#### DATA SECTION:
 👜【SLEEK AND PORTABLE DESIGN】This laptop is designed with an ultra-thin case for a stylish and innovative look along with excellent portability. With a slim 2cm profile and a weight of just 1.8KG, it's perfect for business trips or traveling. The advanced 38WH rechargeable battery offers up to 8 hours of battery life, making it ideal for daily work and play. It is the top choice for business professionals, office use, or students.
...
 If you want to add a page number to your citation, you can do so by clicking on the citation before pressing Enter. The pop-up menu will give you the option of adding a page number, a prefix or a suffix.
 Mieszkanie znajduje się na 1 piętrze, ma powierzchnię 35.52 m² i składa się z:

#### PROBLEM TO WORK ON:
Using the entries above, output exactly the lines between the line holding "If you want" and the line holding "Mieszkanie znajduje się", end lines included, and nothing more.

#### EXPECTED ANSWER:
 If you want to add a page number to your citation, you can do so by clicking on the citation before pressing Enter. The pop-up menu will give you the option of adding a page number, a prefix or a suffix.
 Mieszkanie znajduje się na 1 piętrze, ma powierzchnię 35.52 m² i składa się z:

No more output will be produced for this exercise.